These illustrative embodiments are mentioned not to limit or define the disclosure, but to provide examples to aid understanding thereof. Additional embodiments are discussed in the Detailed Description, and further description is provided there.
Features, embodiments, and advantages of the present disclosure are better understood when the following Detailed Description is read with reference to the accompanying drawings, where:
As described above, existing media editing applications provide mechanisms to shuttle through a media clip at various speeds so that the user can manually identify a potential edit point based on either audio or video tracks. The user may then engage in trial-and-error, by editing, playing back an edited segment, and listening to the result, repeating as necessary. In some applications, only frames in a video timeline are available.

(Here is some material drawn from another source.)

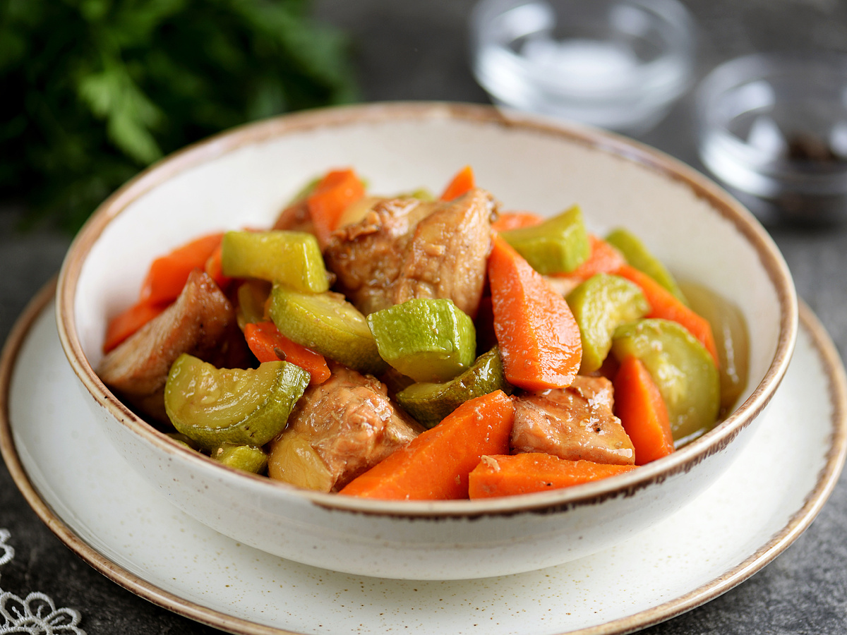 Начните с подготовки индейки: 500 грамм филе следует промыть и нарезать крупными кусками. Переложите мясо в большую миску, добавьте приправы, оливковое масло и соевый соус. Все тщательно перемешайте — соус не только придаст мясу цвет, но и добавит пикантность. Покройте содержимое миски пленкой и оставьте мариноваться минимум на полчаса.

In other applications, frames of video and an audio waveform graph are available in the user interface. In either case, it can be very difficult for the user to crop or trim media to a specific textual point without significant trial and error. Embodiments described herein address these issues by providing automated detection of grammatical pauses in speech contained within the audio track of a media clip. The automated detection of grammatical pauses is included in a digital media editing application, for example, as part of a feature to locate grammatical pauses and display an indication of their positions as potential edit points.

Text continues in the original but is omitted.